Ambulatory Care Quarterly
If nurses hoard patients, can you improve flow?
Question: How do we avoid patient "hoarding," in which nurses or physicians intentionally delay moving a patient out to delay the next patient and give themselves a breather? We’ve already warned that hoarding won’t be tolerated, but it still happens and thwarts our efforts to improve patient flow through and decrease waiting time.
Answer: Hoarding patients is an age-old technique for slowing down the workload, and chances are good that all emergency departments (EDs) have been the victims at one time or another, says Marilyn Margolis, RN, MN, director of nursing for emergency services with Emory Hospitals in Atlanta.
But ED managers must work proactively and aggressively to stamp out this practice, because it can undermine all your other hard work, she says.
Hoarding is very different from "boarding" patients until a bed is available elsewhere in the hospital. Hoarding is voluntary and done on the sly. It can be hard to detect because the nurse or physician doesn’t have to do anything overt; simply failing to discharge or transfer a patient as soon as possible can be enough to slow down the process.
"EDs are so overcrowded, and we’re working our nurses and physicians so hard, that it’s almost understandable when they want to take a little bit of a breather, because it’s just constant chaos," Margolis points out.
"But even if we understand why they’re doing it, we can’t let that be the solution because it creates bigger problems," she notes.
The solution is to create incentives for nurses to move their patients, she says. In her ED, the admission policy calls for rotating new patients through each nurse’s zone rather than simply going to the first available bed.
That helps avoid having nurses feel they are penalized for being efficient and clearing beds fast, adds Margolis.
"If you move four patients out quickly, we’re not going to necessarily send you four patients right away to fill those beds, " she explains. "They will go to the zone that is next in the rotation instead of dumping all of them on you."
That strategy has to be flexible so patients don’t back up and empty beds go unused because they’re in the wrong zone; but Margolis says the idea helps reassure nurses that they can move patients out without another appearing instantly.
Using techs in expanded roles
Emory also has increased the use of nurse technicians and expanded the typical tech’s role to include starting intravenous lines, transporting patients, and drawing blood samples. She points out that some EDs employ paramedics for these expanded tech roles.
The ideal arrangement would be a tech devoted to each nursing zone, but Emory doesn’t have quite that many. Nurses benefit from the assistance of the techs, which in turn decreases any temptation to hoard patients, she says.
Emory also is about to introduce a new tracking system for the ED, moving patient flow to the bedside.
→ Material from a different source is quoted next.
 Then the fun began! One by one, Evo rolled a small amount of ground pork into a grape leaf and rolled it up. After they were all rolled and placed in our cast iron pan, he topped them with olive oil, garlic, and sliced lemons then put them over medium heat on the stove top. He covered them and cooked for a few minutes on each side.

The triage nurse will handle placement of the patients, allowing the charge nurse to concentrate on patient flow and assist with patient care.
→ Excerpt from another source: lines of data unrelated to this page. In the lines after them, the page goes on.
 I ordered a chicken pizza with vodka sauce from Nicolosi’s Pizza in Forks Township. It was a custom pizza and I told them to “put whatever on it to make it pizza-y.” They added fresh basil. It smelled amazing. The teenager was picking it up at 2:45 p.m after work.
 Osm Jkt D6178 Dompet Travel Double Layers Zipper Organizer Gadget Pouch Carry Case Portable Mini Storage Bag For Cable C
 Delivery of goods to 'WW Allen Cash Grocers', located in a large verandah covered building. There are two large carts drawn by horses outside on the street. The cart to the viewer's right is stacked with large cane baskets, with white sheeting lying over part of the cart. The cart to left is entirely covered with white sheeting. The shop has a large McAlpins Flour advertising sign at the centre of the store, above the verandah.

Another idea in the works at Emory is a "discharge expediter." This nurse would take care of discharging patients rather than having the zone nurse be responsible for discharging his or her own patients.
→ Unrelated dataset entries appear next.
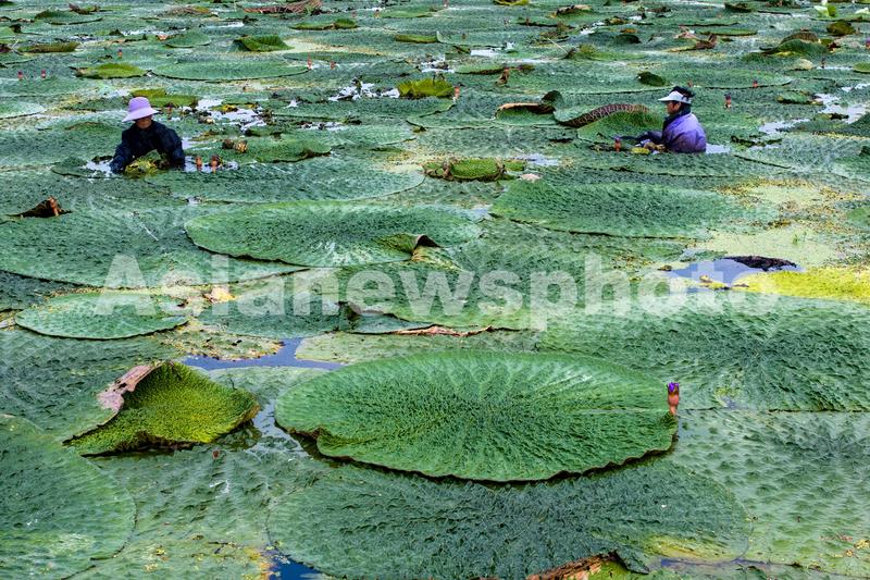 图片说明:2023年8月21日,江苏省泰州市姜堰区顾高镇申俞村农民在采收芡实(无人机照片)。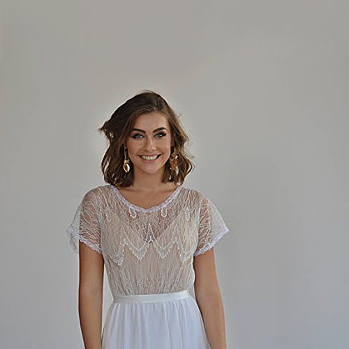 Amazon Com Bohemian Lace Top Wedding Dress Wedding Lace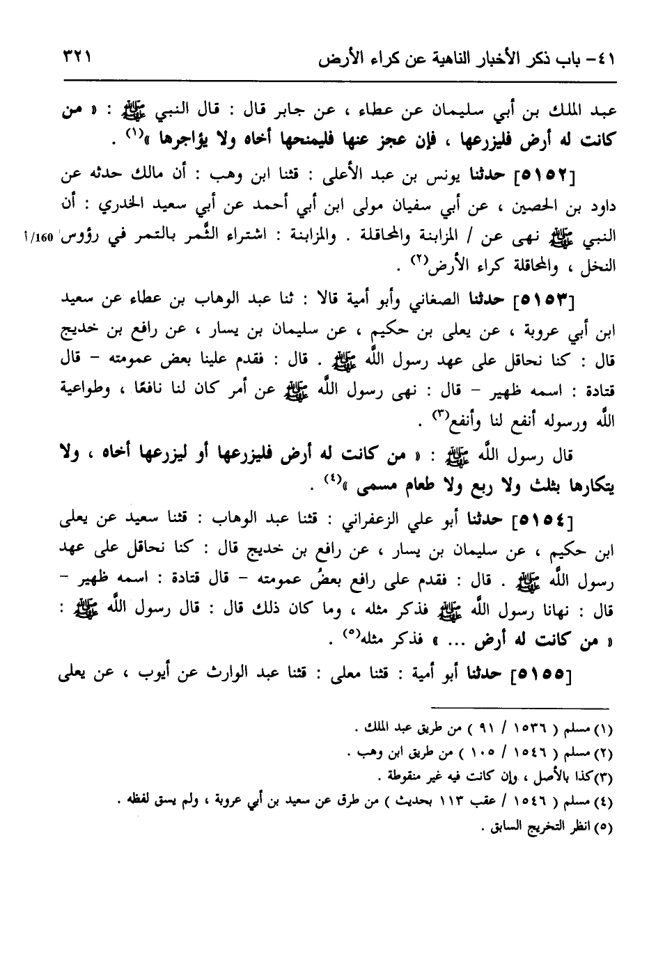 5154 - حَدَّثَنَا أَبُو عَلِيٍّ الزَّعْفَرَانِيُّ، قثنا عَبْدُ الْوَهَّابِ، قثنا سَعِيدٌ، عَنْ يَعْلَى بْنِ حَكِيمٍ، عَنْ سُلَيْمَانَ بْنِ يَسَارٍ، عَنْ رَافِعِ بْنِ خَدِيجٍ، قَالَ: §كُنَّا نُحَاقِلُ عَلَى عَهْدِ رَسُولِ اللَّهِ صَلَّى اللهُ عَلَيْهِ وَسَلَّمَ "، قَالَ: فَقَدِمَ عَلَى رَافِعٍ بَعْضُ عُمُومَتِهِ، قَالَ قَتَادَةُ: اسْمُهُ ظَهِيرٌ، قَالَ: نَهَانَا رَسُولُ اللَّهِ صَلَّى اللهُ عَلَيْهِ وَسَلَّمَ، فَذَكَرَ مِثْلَهُ وَمَا كَانَ ذَلِكَ، قَالَ: قَالَ رَسُولُ اللَّهِ صَلَّى اللهُ عَلَيْهِ وَسَلَّمَ: «مَنْ كَانَتْ لَهُ أَرْضٌ» فَذَكَرَ مِثْلَهُ،

All of those strategies can help take the pressure off of nurses so they are not inclined to subvert patient flow through, but hoarding still can happen. When you detect hoarding, Margolis says you must act. But reprimanding the individual nurse or physician isn’t enough.
"When we see people trying to purposely slow down the flow, we address it in a system way," she continues. "If people are so overworked that they’re trying to slow down the system, we need to see why they want to do that and how your systems can improve. Staff appreciate that philosophy and see that we’re not being punitive, that we want to improve the whole system."
So even at Emory, with all its resources and proactive strategies, does hoarding still happen?
"Oh yeah, it happens," Margolis admits. "If we see it with an individual, we address that person directly, but we don’t make it punitive. We would be more likely to ask, What can we give you to help you expedite patients quicker?’ In our experience, that works better than just coming down hard on the person who was slowing things down."